The program includes works by Beethoven and Dvořák, as well as the symphonic ballad by the Ukrainian classic Borys Lyatoschynski “Grazhyna”, based on the poem of the same name by the Polish bard Adam Mickiewicz. The work celebrates the courageous heroine Grazhyna, a sort of Latvian Janne d'Arc, who leads her people in the fight against an overwhelming enemy. The Berlin concert will be broadcast live in the Digital Concert Hall of the Berlin Philharmonic. The young Ukrainian conductor Artem Lonhinov is in charge.

Artem Lonhinov during rehearsals with the musicians of the YSOU and BJO

“The work with around 80 young German and Ukrainian musicians was emotionally incredibly moving,” the young conductor told DW. “I think it's an unforgettable experience for everyone. But for the Ukrainians it's exactly the therapy they need right now.” 

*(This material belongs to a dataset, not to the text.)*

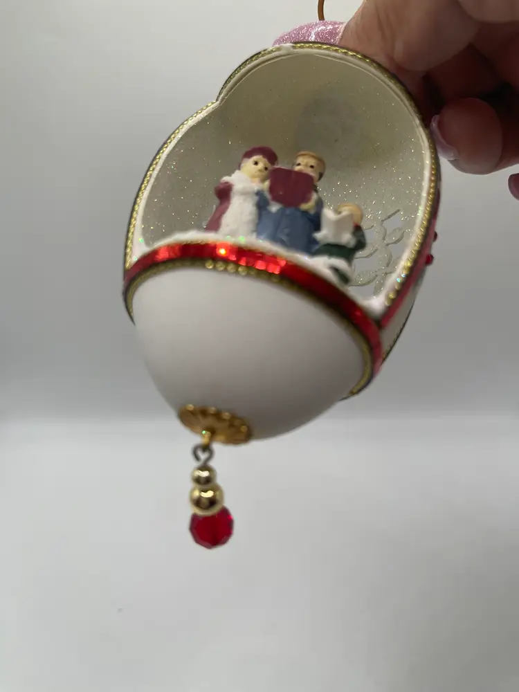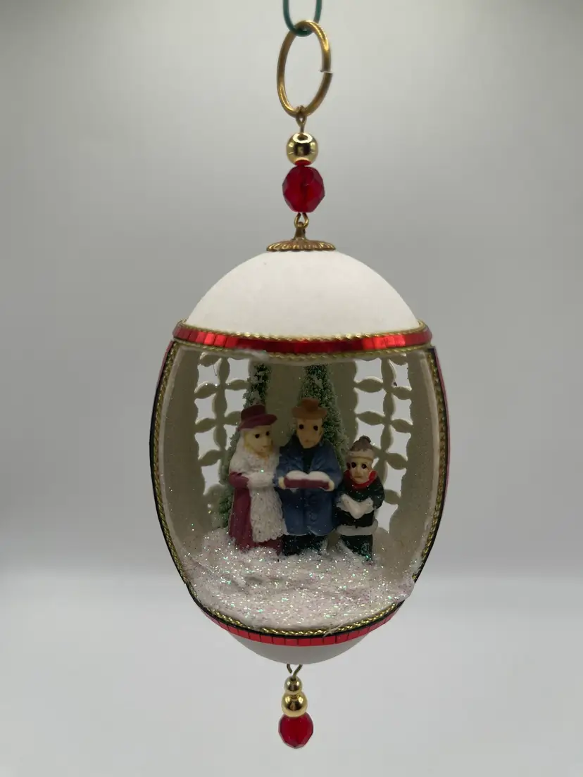 This one-of-a-kind ornament is perfect for collectors and those who appreciate vintage Christmas kitsch. It measures 6 inches in length, 3.5 inches in height, and 2.5 inches in width, making it a great size to hang on your tree or display in your home. The egg diorama carolers theme adds a festive touch to your Christmas decor and is sure to impress your guests.

A dance of solidarity in difficult times

At the beginning of the war on 24, the YSOU had 80 active members, young Ukrainian top musicians from all over the country. February 2022. “The first few days were full of shock and despair,” says the orchestra director and violinist Aleksandra Zaitseva. “The young people couldn't physically and mentally play music or practice, couldn't touch an instrument at all. Many had to stay in bunkers for several days or weeks. We tried to stay in touch as much as possible, wrote to each other constantly, even zoom- Meeting organized.”

Oksana Lyniv conducts the Campus Project Orchestra 2017

Many of the young orchestra members have left the country, but many are also  remained. “It is the boys over 18 who are conscripted, but also others who want to support their families and the country,” said Zaitseva. 

With around 50 musicians, however, the orchestra was able to regroup and in the meantime has given important performances, including at the Bach Festival in Leipzig. The tour with the BJO is followed by concerts at the Munich Opera Festival, the Bayreuth Young Artists Festival, the Lucerne Festival, the Young Euro Classic Festival, the Moers Festival and the Bonn Beethoven Festival – a veritable “round dance of solidarity”, according to Aleksandra Zaitseva. “Unlike the BJO, our orchestra does not receive any state funding, so we are incredibly grateful to every partner.”

…and a reunion in Bonn

But that one has a very special meaning concert that will take place on August 29th am  opening weekend of the Beethoven Festival in Bonn. In a way, this will be the birthday party of the Ukrainian youth orchestra: Exactly five years after the first public performance, also in Bonn. Five years in which the world has changed completely.